The Future is Bottomless

JV

Joseph Victor

Engineer

The Future is Bottomless

SingleStore is a state of the art, distributed, scale-out, transaction processing and query execution engine. In the same system, we can do kickass large-scale analytical queries and ultra-low-latency key-value workloads. With the release of SingleStoreDB Self-Managed 7.0 at the end of 2019, our new replication protocol, which is something I am personally very proud of, has greatly improved the durability of data stored in SingleStore clusters. I don’t think there’s any other system in the world that can do what we can do, and you can check our TPC-H, TPC-DS and TPC-C benchmark results to prove it.

Yet, there’s an awkwardness. Compared with some of our competitors, who couldn’t dream of tackling the workloads we do, SingleStore doesn’t “just work”. Yes, we can work amazingly at scale, but actually scaling is a delicate and manual process. Yes, our durability is rock-solid, but users still have to take and manage their own backups. Yes, our integrated-storage-and-compute gives incredible (and predictable) query performance, but rebalancing could become awkward when it would require moving hundreds of terabytes of data that might never be queried.

So the question we are left with is this: can we solve all of these problems in a way that doesn’t sacrifice the things that make SingleStore SingleStore? Can we build it with tight integration with our existing best-in-the-world clustered storage, and use it to simultaneously make SingleStore more suitable for system of record, and also have the perfect out-of-the-box cloud experience? Can we draw inspiration from the best ideas from Aurora and Snowflake and Big Query, but do it the SingleStore way? And can we do it in a way that works on any cloud, or on-prem?

This is what we hope to achieve with Bottomless.

what-is-bottomlessWhat is Bottomless?

Bottomless is the separation of storage and compute for SingleStore. Basically, data files (snapshots, logs and blobs) are persisted to S3 (or comparable blob storage, or even NFS) asynchronously. The “blobs” I’m talking about are the compressed, encoded data structures backing our columnstore.

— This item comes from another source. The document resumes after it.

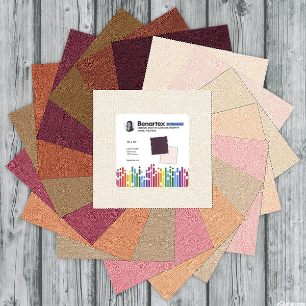 Coming in a variety of soft colors, this pre-cut pack is versatile and can be used in a wide array of projects! 'Cotton Shot - Wine/Neutral' collection ten-square by Amanda Murphy for Benartex Fabrics. Pack includes forty-two 10" x 10" squares.

We still maintain high availability within the SingleStore cluster for the most recent data, and for availability in case of a failure, but long-term storage moves to blob storage. In this world, blobs which aren’t being queried can be deleted from SingleStore node’s local disk, allowing the cluster to hold more data than available disk, thus making the cluster’s storage “bottomless”. In fact, new replicas don’t need to download all blob files in order to come online, so creating and moving partitions (which are slices of each table’s data) becomes very cheap.

The extra durability coming from all data eventually landing in blob storage is game-changing, making the way we used to think about backups and disaster recovery obsolete. It’s essentially “continuous backup”. This will obviously help us address larger petabyte-sized datasets for historical analytics. But, we don’t intend to do this only to support analytic workloads. Since we’re SingleStore, we’ll bring Bottomless storage to durable transactional, low-latency workloads without compromising performance.

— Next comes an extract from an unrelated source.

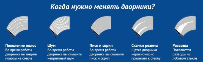 Маркером для скорейшей замены деталей является скрежет по стеклу. Такое происходит при сильном обезжиривании лобового стекла или деформации рабочей части дворника. В первом случае это устраняют повторной мойкой, во втором – замена деталей обязательна.
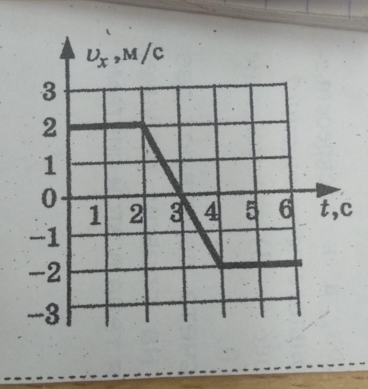 на графике изображена зависимость проекции скорости тела, движущегося вдоль оси ОХ, от времени. Определите перемещение тела к моменту времени т=6

much-more-flexible-clusteringMuch More Flexible Clustering

Not requiring all the blobs to be locally on disk means provisioning or moving a replica can be very fast, on the order of minutes. This can give you faster rebalancing, allowing for a few interesting use cases.

  • Scaling up and down: If you need to burst your workload in the cloud, you could increase the number of leaves and rebalance onto them while the workload runs. When the burst is over, you can more densely pack the partitions and save on the CPUs and memory you aren’t using to run queries.

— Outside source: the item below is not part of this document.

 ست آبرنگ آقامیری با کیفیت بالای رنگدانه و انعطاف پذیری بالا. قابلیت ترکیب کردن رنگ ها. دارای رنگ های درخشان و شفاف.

  • Adding read replicas: You could quickly provision a set of read-only replicas to run a query workload against, and discard them when you’re done.

  • Low recovery time objective (RTO): Restoring doesn’t involve blobs; a database can be restored and available for queries very quickly in the event of a disaster.

  • Read only point-in-time recovery (PITR): It is possible, in a Bottomless storage world, to quickly spin up a new set of replicas for a fixed point-in-time in the past, and discard these extra replicas when you’re done.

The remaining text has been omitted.